- Theatrical release poster
- Directed by: Perarasu
- Written by: Perarasu
- Produced by: M. Saravanan; M. S. Guhan;
- Starring: Ajith Kumar; Sadha;
- Cinematography: S. Saravanan
- Edited by: Anthony
- Music by: Bharadwaj
- Production company: AVM Productions
- Release date: 14 April 2006;
- Running time: 153 minutes
- Country: India
- Language: Tamil

= Thirupathi (2006 Tamil film) =

Thirupathi is a 2006 Indian Tamil-language vigilante masala film written and directed by Perarasu and produced by AVM Productions. The film stars Ajith Kumar and Sadha in the lead roles, while Arun Pandian, Riyaz Khan, Sampath Raj in supporting roles.

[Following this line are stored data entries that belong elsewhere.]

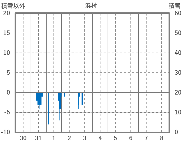 | 日 | 時 | 気温 | 降水 | 風向/風速 | 日照 | 積雪 | 降雪 |
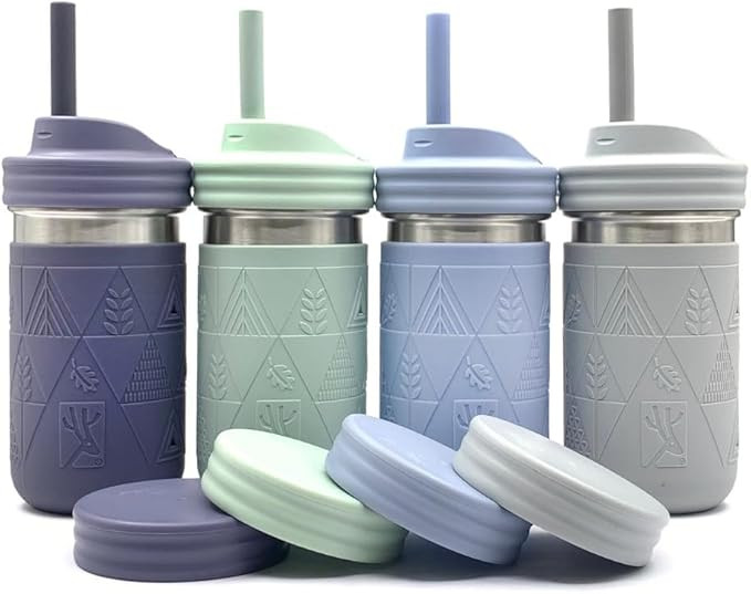 Elk and Friends Kids & Toddler Cups | The Original Glass Mason jars 8 oz with Silicone Straws wit...
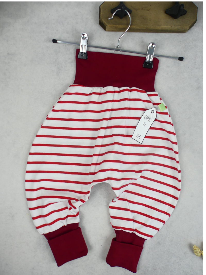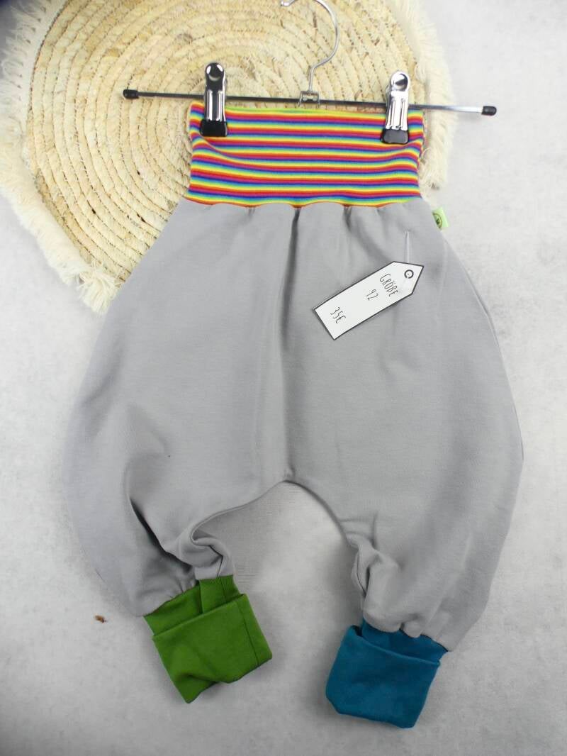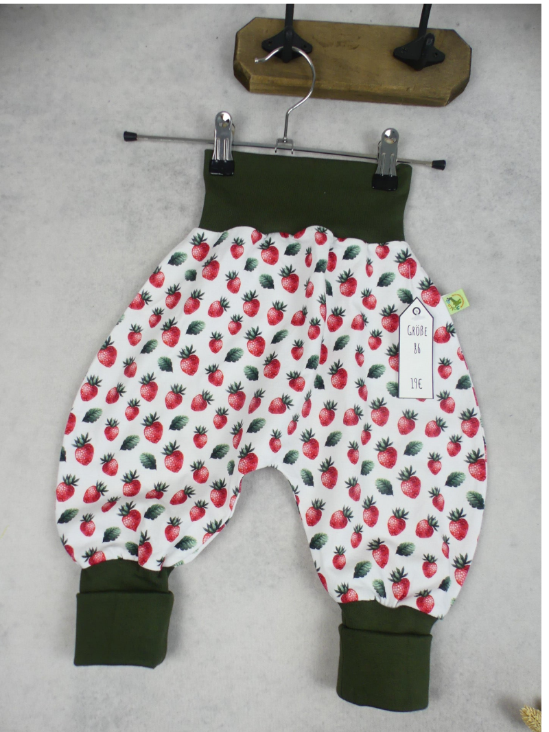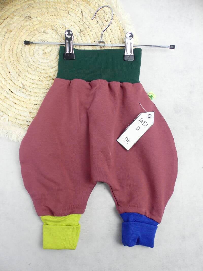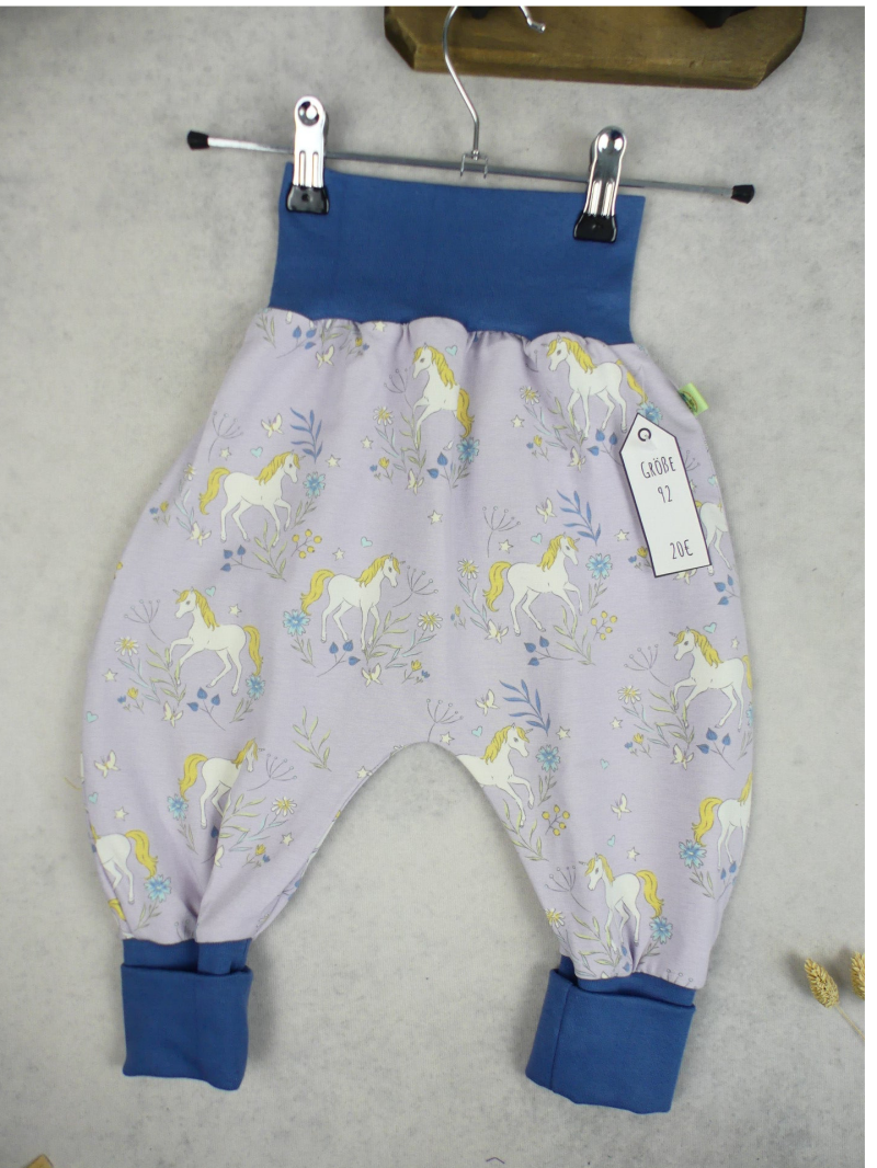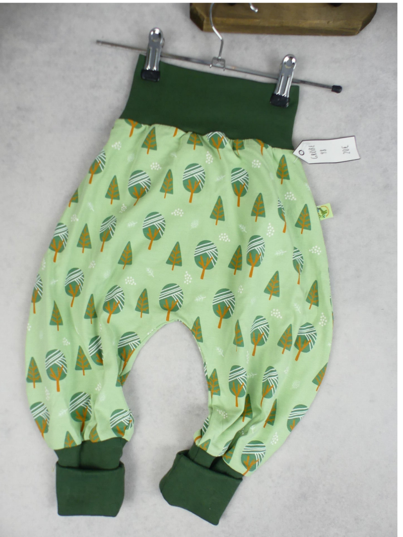 Die Pumphose ist eine locker und weit geschnittene Stoffhose. Sie lässt Deinem Kind die nötige Bewegungsfreiheit die es braucht und bietet genug Platz, auch für große Stoffwindelpopos. Mit den extra langen Bein- und dem hohen Bauchbündchen, wächst die Hose mindestens eine Größe mit.
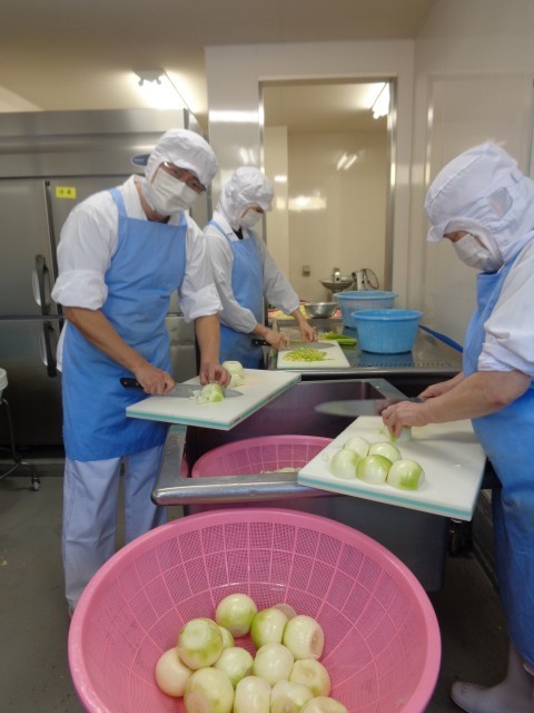 今日のメニューは、野菜をたくさん使用します。スライサー(機械)を使用せず、包丁でカットしています。
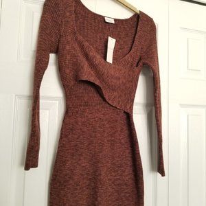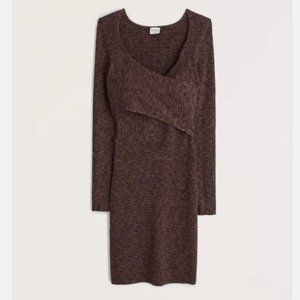 Long-Sleeve Wrap-Front Mini Sweater Dress - Brown (SP) - ABERCROMBIE & FITCH
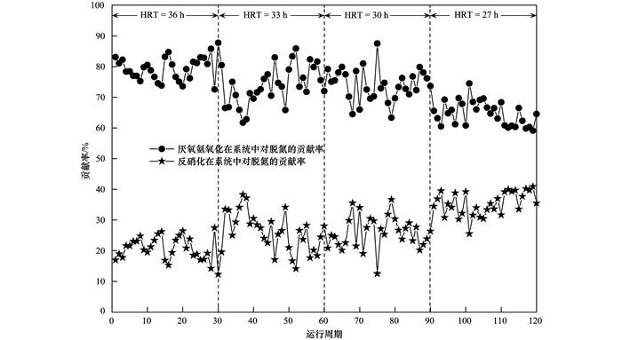 由圖 6可知, HRT為36 h時, 厭氧氨氧化在系統中對脫氮的平均貢獻率為79.36%, 異養反硝化在系統中對脫氮平均貢獻率為20.64%, 此時厭氧氨氧化占據優勢地位.當HRT縮短至27 h時, 厭氧氨氧化在系統中對脫氮的平均貢獻率降至67.12%, 反硝化在系統中的脫氮平均貢獻率升至32.88%.隨著HRT的逐漸縮短, 厭氧氨氧化對脫氮貢獻率緩慢降低, 反硝化在系統中對脫氮貢獻率逐漸增加, 主要是因為, 試驗污泥取自成功啟動的厭氧氨氧化中的活性污泥, 故剛開始反應以厭氧氨氧化為主, 隨著系統的逐漸運行, 反硝化菌利用進水中的COD發生異養反硝化脫氮, 研究結果與李媛[21]的研究結果一致.還有研究證明, 厭氧氨氧化菌與反硝化菌能在同一個反應器內共存, 反硝化菌利用有機物將反應器內的NO3--N轉化為N2, 可解除有機物對厭氧氨氧化的抑制作用; 同時反硝化產生的CO2還可為厭氧氨氧化提供無機碳源, 兩者可實現協同作用.

Thirupathi was released on 14 April 2006. The film was not well received by critics, but Perarasu won the Tamil Nadu State Film Award for Best Story Writer.

== Plot ==

Thirupathi's pregnant sister dies due to negligence by a corrupt doctor, who turns out to be Thirupathi's best friend Soori's brother. Soori decides to protect his brother from Thirupathi, who sets out to nab Soori's brother to avenge his sister's death.

== Production ==
During the making of Sivakasi, Perarasu was approached by AVM Productions to make a film with Ajith Kumar in the lead role. The director immediately accepted the offer and told the film's story to the producer during the meeting. The film was announced publicly two days later. The film was launched officially on 15 September 2005 with Vijay attending the opening ceremony. This was AVM's 167th film as producer.

== Soundtrack ==
The music was composed by Bharadwaj. The audio was launched on 14 March 2006 at AVM Studios.

Track listing
| No. | Title | Singer(s) | Length |
|---|---|---|---|
| 1. | "Aathadi Aathadi" | KK, Mathangi Jagdish | 5:01 |
| 2. | "Thirupathi Vantha" | Shankar Mahadevan | 4:46 |
| 3. | "Keerai Vedhaippom" | Pushpavanam Kuppusamy, Reshmi | 5:13 |
| 4. | "Yenaiye Yenaku" | Vijay Yesudas | 3:55 |
| 5. | "Sollavum Mudiyala" | Harish Raghavendra, Swarnalatha | 5:20 |
| 6. | "Pudhu Veedu" | Anuradha Sriram, Tippu | 5:04 |
| Total length: |  |  | 29:19 |

== Release and reception ==
The satellite rights of the film were sold to Kalaignar TV. Sify wrote, "Perarasu and his Tirupati brings nothing new to the table, as even the dialogues, song picturisation and presentation is a continuation of his earlier two films. Sadly, we expected more from his combination with Ajit but the director seems to be obsessed with his do-gooder, larger-than-life hero with a heart of gold who tries to reform the society in his own unique way!". Malini Mannath of Chennai Online wrote "It's yet again about the sister, the mother and a few more sentiments added to it. The audience may get fed up of this repeated scenario being flogged to death. But the director's fascination for his dream subject seems not to allow him to look elsewhere for different material!". Lajjavathi of Kalki wrote the film has influence of Sivakasi may have been avoided. In any case, one thing is true Thirupathi will be a turn for Ajith.